Below are the entries. Transcribe exactly the lines from the one with "Póster Hibiscus psicodélico" through the one with "Setelah sosialisasi, personel", ends included, and leave out all others.

[[ SUPPLIED ENTRIES, beginning ]]

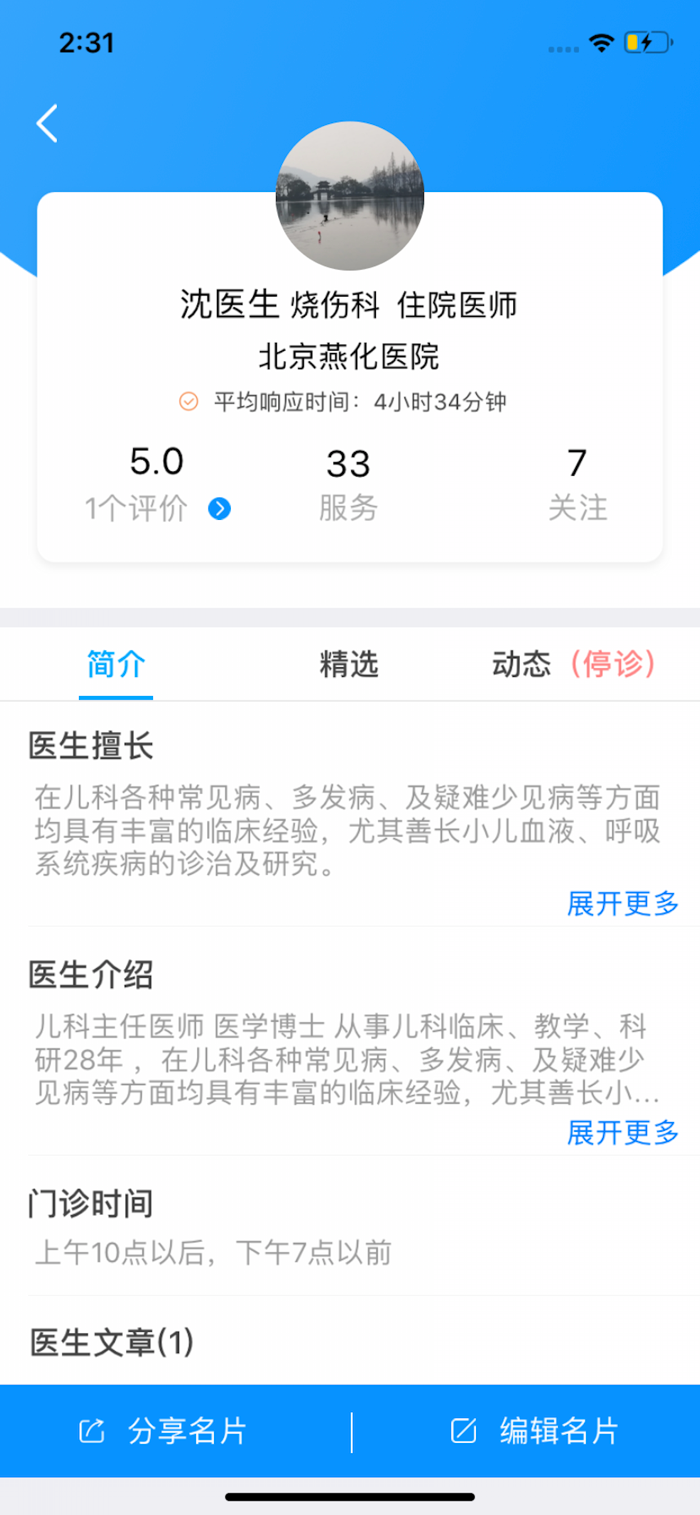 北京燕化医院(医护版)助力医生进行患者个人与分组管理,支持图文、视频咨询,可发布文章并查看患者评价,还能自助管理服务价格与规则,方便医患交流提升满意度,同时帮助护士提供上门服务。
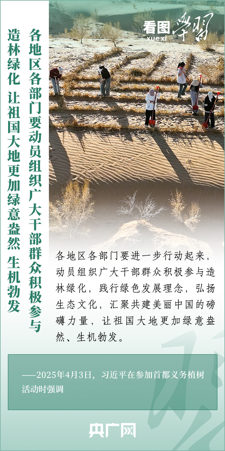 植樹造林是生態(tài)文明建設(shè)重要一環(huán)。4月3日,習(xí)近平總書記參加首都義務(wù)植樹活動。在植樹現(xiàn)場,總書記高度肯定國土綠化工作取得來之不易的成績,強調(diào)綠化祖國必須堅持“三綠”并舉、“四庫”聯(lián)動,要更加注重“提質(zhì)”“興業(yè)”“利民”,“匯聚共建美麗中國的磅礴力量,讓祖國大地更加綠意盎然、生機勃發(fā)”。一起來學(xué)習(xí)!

[[ SUPPLIED ENTRIES, end ]]
[[ SUPPLIED ENTRIES, beginning ]]

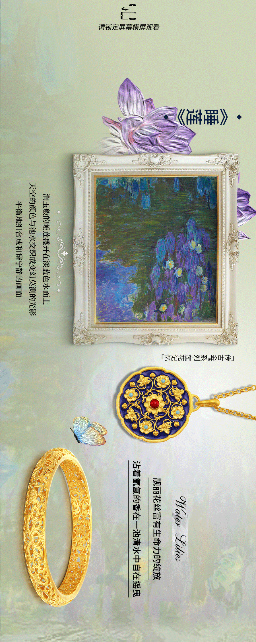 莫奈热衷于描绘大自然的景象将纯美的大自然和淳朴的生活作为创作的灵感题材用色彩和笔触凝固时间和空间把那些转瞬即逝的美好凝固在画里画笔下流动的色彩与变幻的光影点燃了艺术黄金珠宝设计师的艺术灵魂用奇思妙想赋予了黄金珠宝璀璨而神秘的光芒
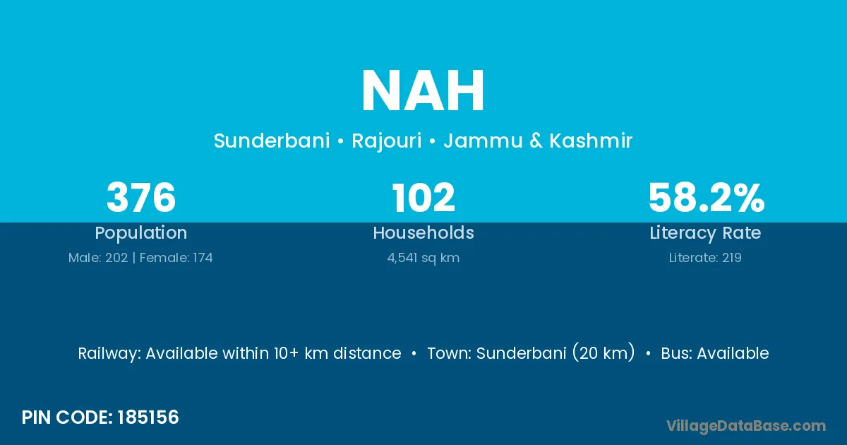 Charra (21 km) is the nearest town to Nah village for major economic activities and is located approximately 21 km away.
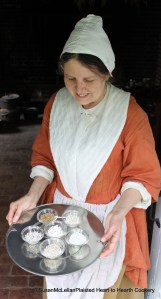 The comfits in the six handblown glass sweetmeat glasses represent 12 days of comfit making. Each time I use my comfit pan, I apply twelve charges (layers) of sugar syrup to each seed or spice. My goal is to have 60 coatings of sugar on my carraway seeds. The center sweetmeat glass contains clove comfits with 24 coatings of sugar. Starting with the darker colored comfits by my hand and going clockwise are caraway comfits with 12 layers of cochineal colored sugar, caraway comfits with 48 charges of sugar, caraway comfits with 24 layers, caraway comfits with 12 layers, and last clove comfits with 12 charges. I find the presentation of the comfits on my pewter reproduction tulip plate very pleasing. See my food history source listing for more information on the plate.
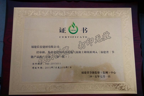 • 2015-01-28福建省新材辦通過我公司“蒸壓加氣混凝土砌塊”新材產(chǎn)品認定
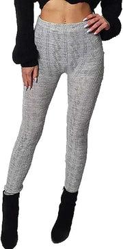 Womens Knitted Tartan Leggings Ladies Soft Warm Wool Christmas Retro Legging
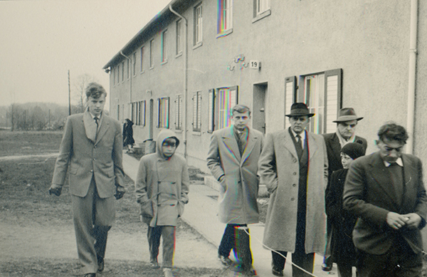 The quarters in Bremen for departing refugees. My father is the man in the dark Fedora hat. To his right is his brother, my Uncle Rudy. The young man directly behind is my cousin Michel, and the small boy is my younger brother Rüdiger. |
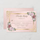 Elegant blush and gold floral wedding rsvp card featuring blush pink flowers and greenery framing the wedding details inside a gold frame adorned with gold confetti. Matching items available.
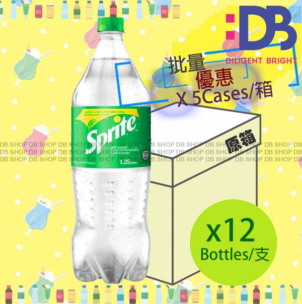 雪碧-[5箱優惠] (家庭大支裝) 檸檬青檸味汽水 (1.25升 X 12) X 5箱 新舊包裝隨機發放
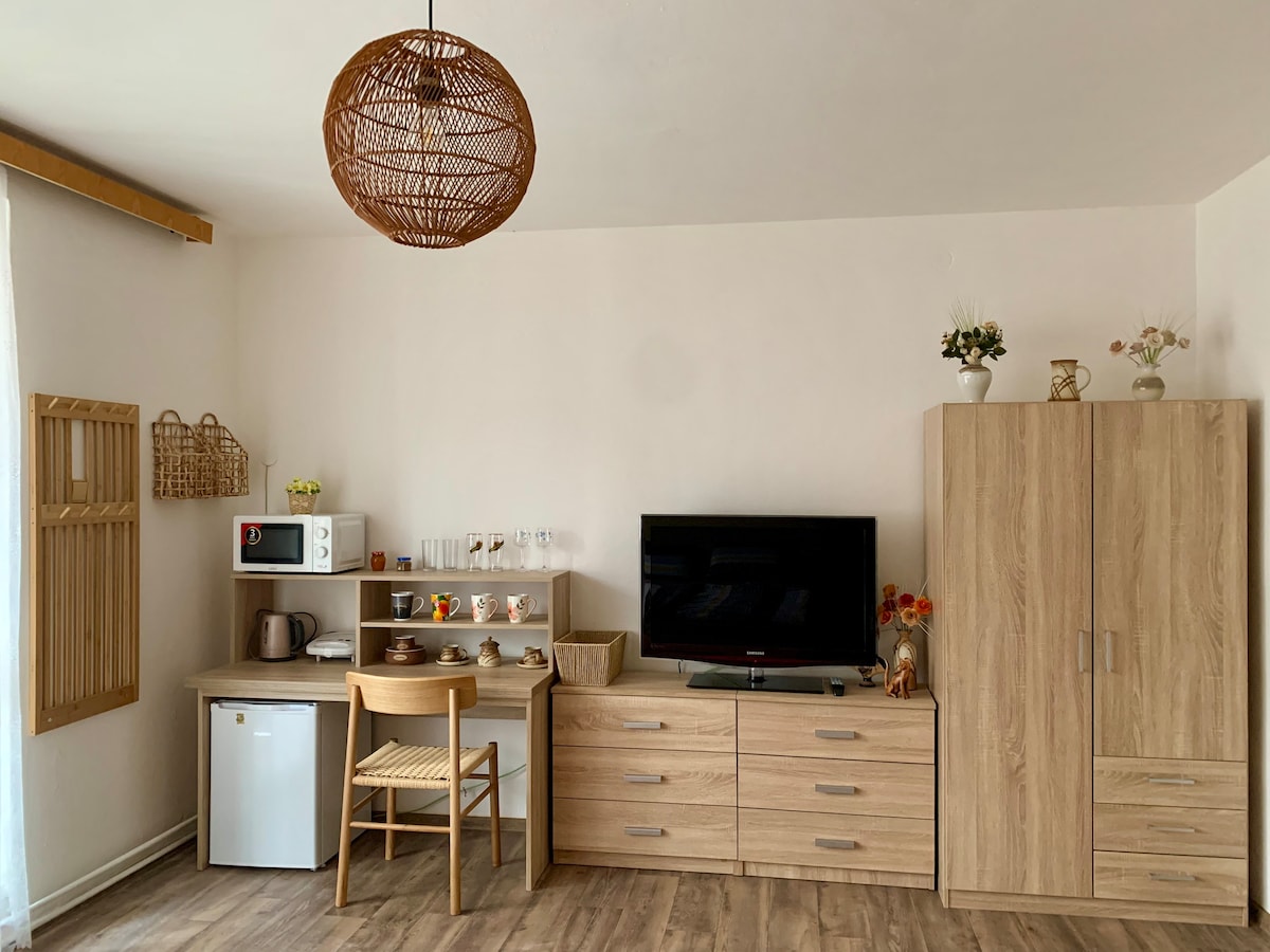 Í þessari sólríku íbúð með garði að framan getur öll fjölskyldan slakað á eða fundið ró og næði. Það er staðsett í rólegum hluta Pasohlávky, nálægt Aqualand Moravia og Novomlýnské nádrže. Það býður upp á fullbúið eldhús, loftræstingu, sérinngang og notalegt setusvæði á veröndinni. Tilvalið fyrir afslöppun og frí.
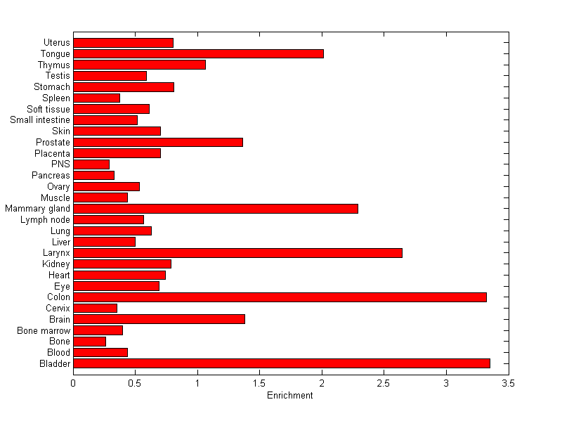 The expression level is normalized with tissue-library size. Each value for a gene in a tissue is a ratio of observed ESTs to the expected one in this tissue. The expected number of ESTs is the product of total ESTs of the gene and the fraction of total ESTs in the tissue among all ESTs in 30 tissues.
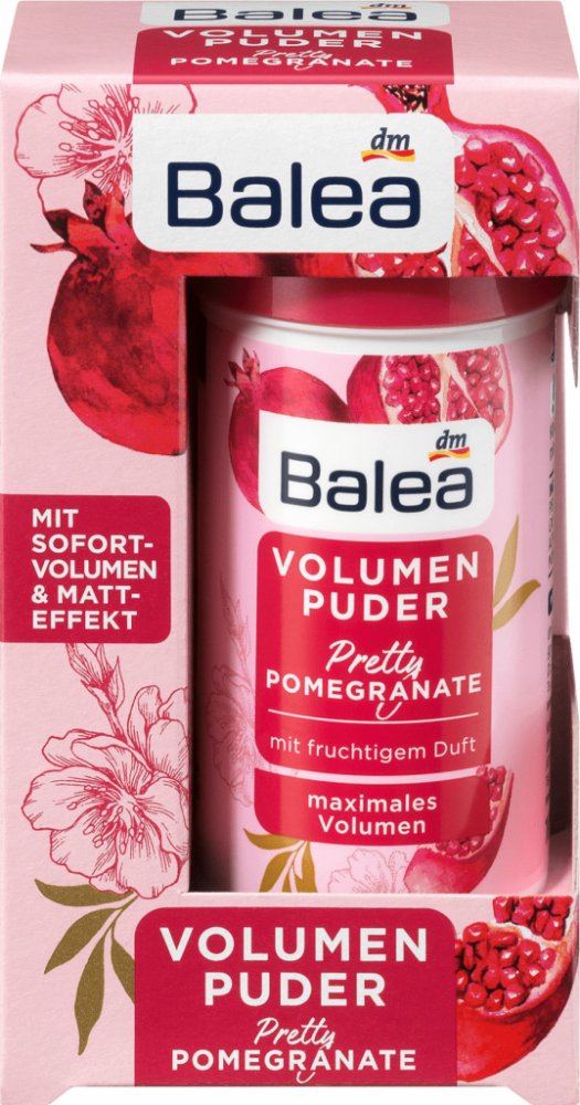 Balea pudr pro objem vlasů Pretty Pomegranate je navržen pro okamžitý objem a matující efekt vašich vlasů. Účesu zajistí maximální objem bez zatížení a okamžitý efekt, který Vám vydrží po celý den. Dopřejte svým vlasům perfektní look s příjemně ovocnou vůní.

[[ SUPPLIED ENTRIES, end ]]
[[ SUPPLIED ENTRIES, beginning ]]

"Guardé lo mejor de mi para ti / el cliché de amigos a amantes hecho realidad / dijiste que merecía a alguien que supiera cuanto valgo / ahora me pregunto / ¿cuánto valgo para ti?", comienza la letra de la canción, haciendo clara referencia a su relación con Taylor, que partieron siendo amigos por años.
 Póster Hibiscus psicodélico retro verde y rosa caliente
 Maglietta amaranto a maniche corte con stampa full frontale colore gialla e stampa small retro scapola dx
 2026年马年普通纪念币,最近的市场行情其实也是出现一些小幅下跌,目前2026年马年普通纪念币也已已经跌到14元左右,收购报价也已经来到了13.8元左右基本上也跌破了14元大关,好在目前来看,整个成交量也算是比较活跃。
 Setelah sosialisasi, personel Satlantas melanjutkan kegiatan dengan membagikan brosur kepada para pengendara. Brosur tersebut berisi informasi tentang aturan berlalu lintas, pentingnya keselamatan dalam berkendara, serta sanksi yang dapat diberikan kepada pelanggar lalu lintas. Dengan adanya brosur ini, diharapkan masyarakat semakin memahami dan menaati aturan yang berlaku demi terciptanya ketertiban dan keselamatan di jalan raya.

[[ SUPPLIED ENTRIES, end ]]

• **RESPONSE FOR THIS EXERCISE**:
 Póster Hibiscus psicodélico retro verde y rosa caliente
 Maglietta amaranto a maniche corte con stampa full frontale colore gialla e stampa small retro scapola dx
 2026年马年普通纪念币,最近的市场行情其实也是出现一些小幅下跌,目前2026年马年普通纪念币也已已经跌到14元左右,收购报价也已经来到了13.8元左右基本上也跌破了14元大关,好在目前来看,整个成交量也算是比较活跃。
 Setelah sosialisasi, personel Satlantas melanjutkan kegiatan dengan membagikan brosur kepada para pengendara. Brosur tersebut berisi informasi tentang aturan berlalu lintas, pentingnya keselamatan dalam berkendara, serta sanksi yang dapat diberikan kepada pelanggar lalu lintas. Dengan adanya brosur ini, diharapkan masyarakat semakin memahami dan menaati aturan yang berlaku demi terciptanya ketertiban dan keselamatan di jalan raya.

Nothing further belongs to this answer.